Die Klavierspielerin (1983) von Elfriede Jelinek handelt von einer Künstlerin, die das Künstlertum von Kindheit an nur als eine Form der Tyrannei empfunden hat. Ihre Flucht vor dieser Tyrannei, ihre Flucht vor der Mutter hinein in das Leben, in sexuelle Perversionen, machen sie erneut abhängig. E. Jelinek beschreibt diese Folge von Abhängigkeiten. Sie urteilt nicht, sondern läßt die Erzählung für sich selbst sprechen.
Eine Nähe zu Handke und den Einfluß des österreichischen Sprachphilosophen L. Wittgenstein kann man in den Gedichten und Erzählungen von J. Schutting erkennen. Der erste Gedichtband In der Sprache der Inseln (1973) beinhaltet,,Dinggedichte“, in denen sich die Begriffe oft von dem lösen, was sie bezeichnen. So entsteht eine,,inselselige“ Sprache, eine,,Sprache der Inseln“. Salzburg retour. Trauermusik: Thema und Variationen (1978) und Der Vater (1980) haben den Tod zum Thema. Melancholie und Trauer bestimmen die Erzählung Salzburg retour; in Der Vater wird die Beziehung einer Tochter zu ihrem Vater nach dessen Tod hinterfragt.
Das gleiche Thema hat B. Schwaigers Roman Lange Abwesenheit (1978), in dem sie das langwierige Sterben ihres Vaters aus der Rückschau darstellt. Ihr Ich-Roman Wie kommt das Salz ins Meer (1977) zeigt den schleichenden Prozeß des Aktivwerdens einer jungen Frau.

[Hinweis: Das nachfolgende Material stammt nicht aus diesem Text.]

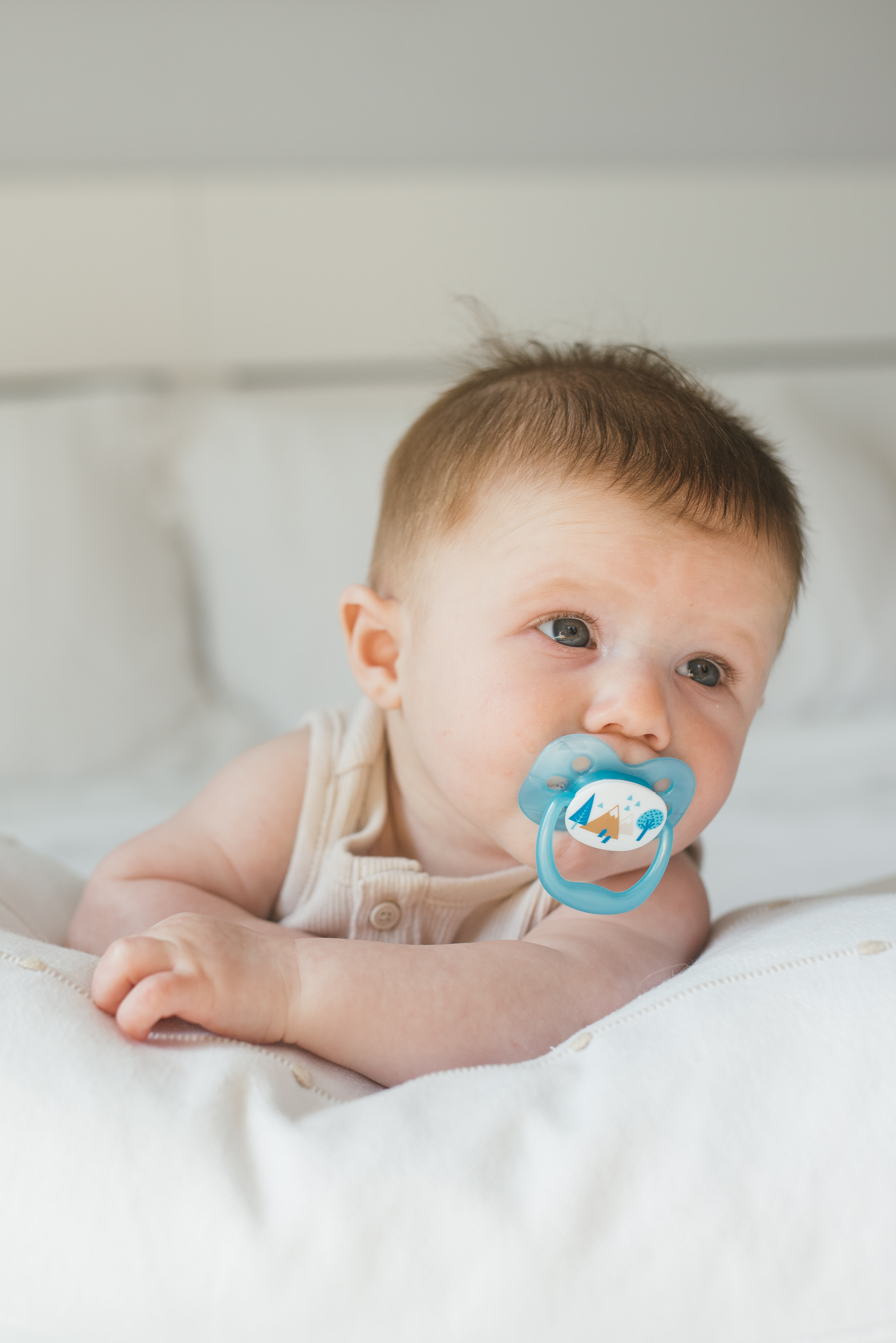 • Ty ngậm : Chất liệu silicone cao cấp, không chứa BPA, giảm thiểu áp lực lên hàm và răng của trẻ

Sie entwickelt sich vom „gedachten Nein“ bei ihrer Hochzeit hin zum „ausgesprochenen Nein“ bei der Scheidung von ihrem Mann. Nach anfänglichen Schwierigkeiten hat sich die junge Autorengeneration in Österreich durchgesetzt. Es gibt eine lebendige Literaturszene, von der gerade in den letzten Jahren eine Fülle von Anregungen und Innovationen für die gesamte deutschsprachige Literatur ausging. Viele der jungen Autoren stehen noch am Anfang ihrer literarischen Laufbahn. Eine weitere Beachtung der österreichischen Literatur verspricht interessante Entdeckungen.